> Task brief
Every entry must be repeated exactly. Exclude all pictures.

[Data entries]
- - - - - - -
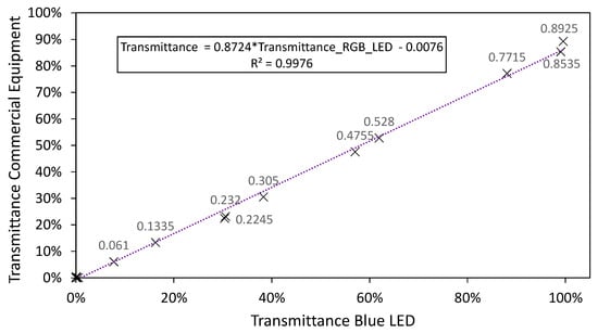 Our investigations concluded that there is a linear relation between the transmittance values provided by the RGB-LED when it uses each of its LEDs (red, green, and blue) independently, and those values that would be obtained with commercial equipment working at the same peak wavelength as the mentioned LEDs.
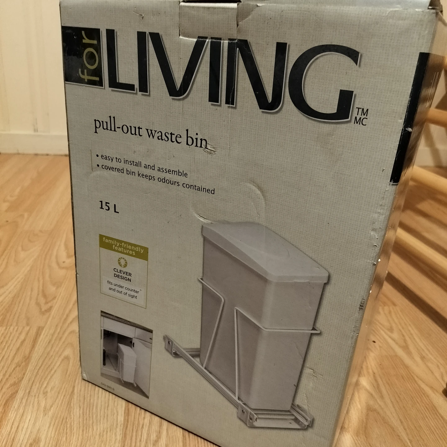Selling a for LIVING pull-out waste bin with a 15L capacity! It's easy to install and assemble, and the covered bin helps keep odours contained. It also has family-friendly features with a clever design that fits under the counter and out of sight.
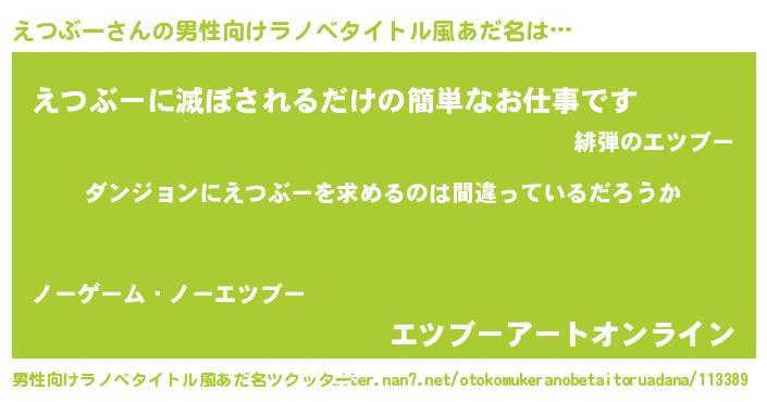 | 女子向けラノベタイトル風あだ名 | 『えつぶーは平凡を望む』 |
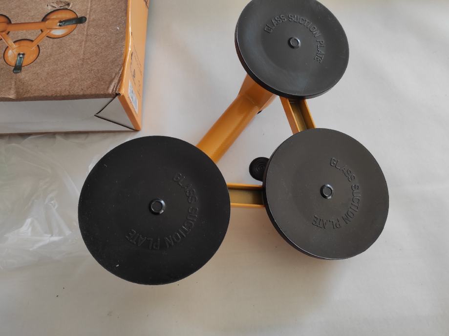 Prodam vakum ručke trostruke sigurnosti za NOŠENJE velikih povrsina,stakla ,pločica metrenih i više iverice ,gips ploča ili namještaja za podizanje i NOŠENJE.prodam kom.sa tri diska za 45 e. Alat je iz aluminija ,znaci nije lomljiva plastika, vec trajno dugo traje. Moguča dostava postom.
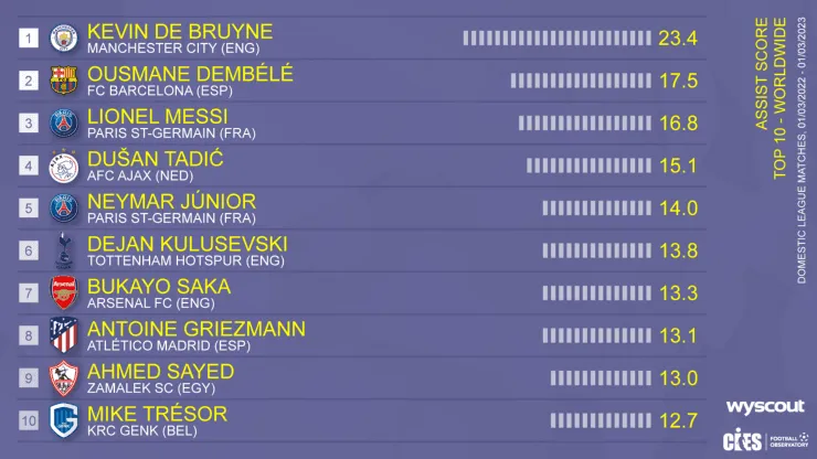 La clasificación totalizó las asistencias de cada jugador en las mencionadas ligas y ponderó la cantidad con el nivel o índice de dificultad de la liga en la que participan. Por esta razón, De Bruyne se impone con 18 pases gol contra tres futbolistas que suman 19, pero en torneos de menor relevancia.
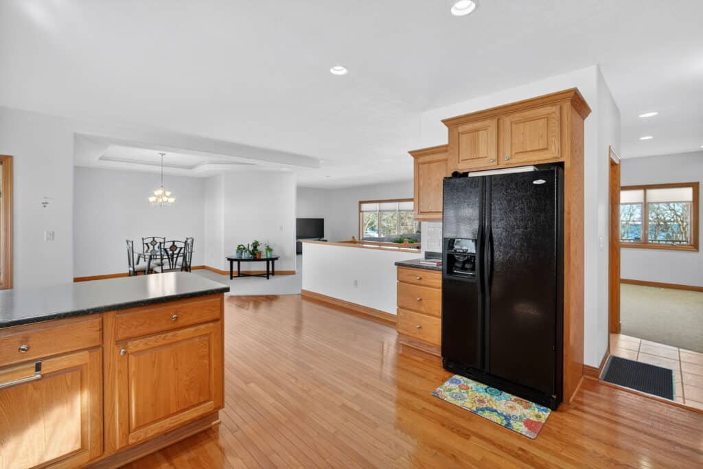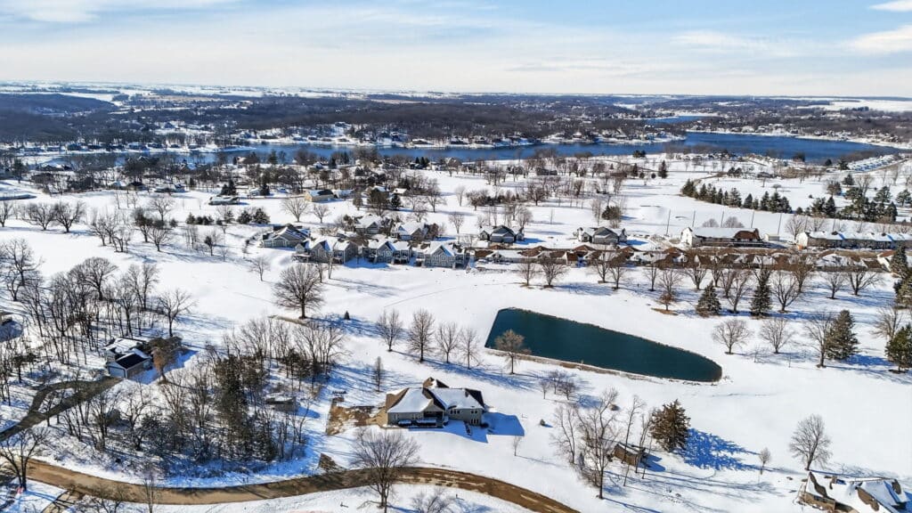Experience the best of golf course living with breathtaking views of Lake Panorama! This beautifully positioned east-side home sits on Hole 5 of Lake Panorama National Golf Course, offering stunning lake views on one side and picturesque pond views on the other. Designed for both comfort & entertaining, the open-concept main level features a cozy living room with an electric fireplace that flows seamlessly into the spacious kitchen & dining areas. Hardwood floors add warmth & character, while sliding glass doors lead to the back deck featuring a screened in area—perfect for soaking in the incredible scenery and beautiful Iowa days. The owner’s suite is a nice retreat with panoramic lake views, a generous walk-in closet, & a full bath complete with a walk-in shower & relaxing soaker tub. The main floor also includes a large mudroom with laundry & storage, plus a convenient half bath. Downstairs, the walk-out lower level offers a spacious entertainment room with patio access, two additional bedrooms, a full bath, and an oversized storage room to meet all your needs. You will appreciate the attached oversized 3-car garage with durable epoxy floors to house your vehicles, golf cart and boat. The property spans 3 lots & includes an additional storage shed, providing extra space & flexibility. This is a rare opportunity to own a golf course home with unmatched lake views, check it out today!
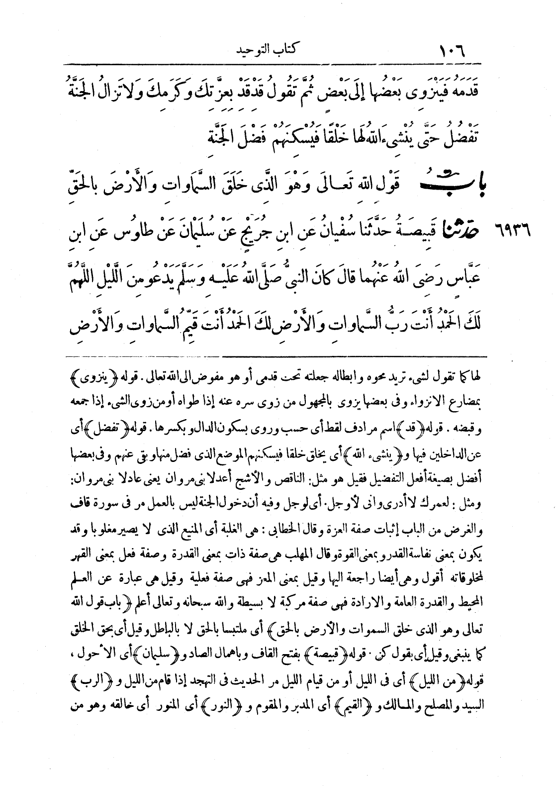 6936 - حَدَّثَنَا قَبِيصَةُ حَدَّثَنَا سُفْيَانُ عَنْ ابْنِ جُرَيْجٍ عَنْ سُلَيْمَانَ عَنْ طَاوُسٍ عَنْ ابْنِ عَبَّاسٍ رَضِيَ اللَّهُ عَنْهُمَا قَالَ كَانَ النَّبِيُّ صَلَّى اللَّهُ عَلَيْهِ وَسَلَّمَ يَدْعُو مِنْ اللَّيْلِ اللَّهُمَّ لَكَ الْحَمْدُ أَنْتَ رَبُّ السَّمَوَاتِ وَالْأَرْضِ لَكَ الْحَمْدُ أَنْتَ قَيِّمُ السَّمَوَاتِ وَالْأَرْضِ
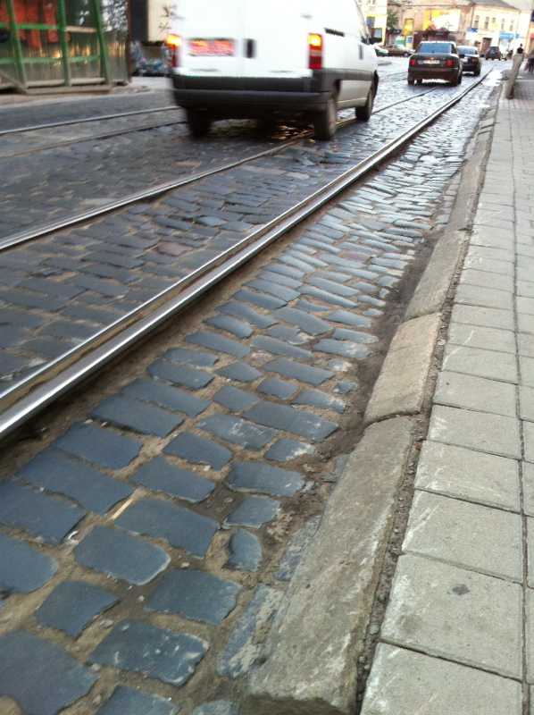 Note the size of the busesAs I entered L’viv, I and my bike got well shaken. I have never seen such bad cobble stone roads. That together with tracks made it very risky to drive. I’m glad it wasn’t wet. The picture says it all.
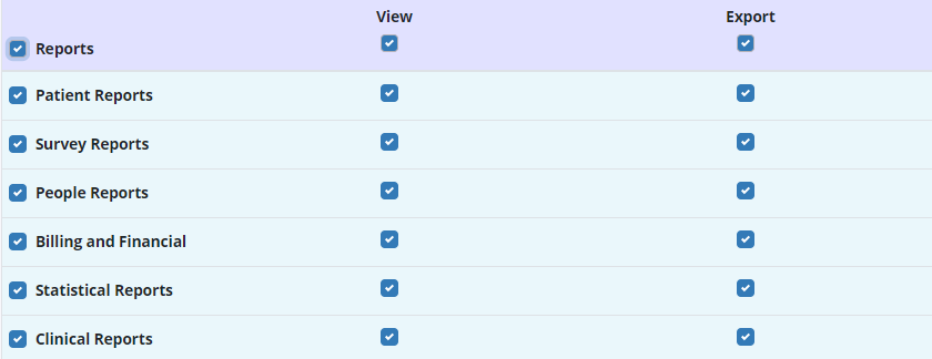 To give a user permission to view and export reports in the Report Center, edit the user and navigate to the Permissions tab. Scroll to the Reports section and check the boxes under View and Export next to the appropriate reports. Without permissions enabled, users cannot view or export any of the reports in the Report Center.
- - - - - - -
> Output of the exercise
 Our investigations concluded that there is a linear relation between the transmittance values provided by the RGB-LED when it uses each of its LEDs (red, green, and blue) independently, and those values that would be obtained with commercial equipment working at the same peak wavelength as the mentioned LEDs.
Selling a for LIVING pull-out waste bin with a 15L capacity! It's easy to install and assemble, and the covered bin helps keep odours contained. It also has family-friendly features with a clever design that fits under the counter and out of sight.
 | 女子向けラノベタイトル風あだ名 | 『えつぶーは平凡を望む』 |
 Prodam vakum ručke trostruke sigurnosti za NOŠENJE velikih povrsina,stakla ,pločica metrenih i više iverice ,gips ploča ili namještaja za podizanje i NOŠENJE.prodam kom.sa tri diska za 45 e. Alat je iz aluminija ,znaci nije lomljiva plastika, vec trajno dugo traje. Moguča dostava postom.
 La clasificación totalizó las asistencias de cada jugador en las mencionadas ligas y ponderó la cantidad con el nivel o índice de dificultad de la liga en la que participan. Por esta razón, De Bruyne se impone con 18 pases gol contra tres futbolistas que suman 19, pero en torneos de menor relevancia.
Experience the best of golf course living with breathtaking views of Lake Panorama! This beautifully positioned east-side home sits on Hole 5 of Lake Panorama National Golf Course, offering stunning lake views on one side and picturesque pond views on the other. Designed for both comfort & entertaining, the open-concept main level features a cozy living room with an electric fireplace that flows seamlessly into the spacious kitchen & dining areas. Hardwood floors add warmth & character, while sliding glass doors lead to the back deck featuring a screened in area—perfect for soaking in the incredible scenery and beautiful Iowa days. The owner’s suite is a nice retreat with panoramic lake views, a generous walk-in closet, & a full bath complete with a walk-in shower & relaxing soaker tub. The main floor also includes a large mudroom with laundry & storage, plus a convenient half bath. Downstairs, the walk-out lower level offers a spacious entertainment room with patio access, two additional bedrooms, a full bath, and an oversized storage room to meet all your needs. You will appreciate the attached oversized 3-car garage with durable epoxy floors to house your vehicles, golf cart and boat. The property spans 3 lots & includes an additional storage shed, providing extra space & flexibility. This is a rare opportunity to own a golf course home with unmatched lake views, check it out today!
 6936 - حَدَّثَنَا قَبِيصَةُ حَدَّثَنَا سُفْيَانُ عَنْ ابْنِ جُرَيْجٍ عَنْ سُلَيْمَانَ عَنْ طَاوُسٍ عَنْ ابْنِ عَبَّاسٍ رَضِيَ اللَّهُ عَنْهُمَا قَالَ كَانَ النَّبِيُّ صَلَّى اللَّهُ عَلَيْهِ وَسَلَّمَ يَدْعُو مِنْ اللَّيْلِ اللَّهُمَّ لَكَ الْحَمْدُ أَنْتَ رَبُّ السَّمَوَاتِ وَالْأَرْضِ لَكَ الْحَمْدُ أَنْتَ قَيِّمُ السَّمَوَاتِ وَالْأَرْضِ
 Note the size of the busesAs I entered L’viv, I and my bike got well shaken. I have never seen such bad cobble stone roads. That together with tracks made it very risky to drive. I’m glad it wasn’t wet. The picture says it all.
 To give a user permission to view and export reports in the Report Center, edit the user and navigate to the Permissions tab. Scroll to the Reports section and check the boxes under View and Export next to the appropriate reports. Without permissions enabled, users cannot view or export any of the reports in the Report Center.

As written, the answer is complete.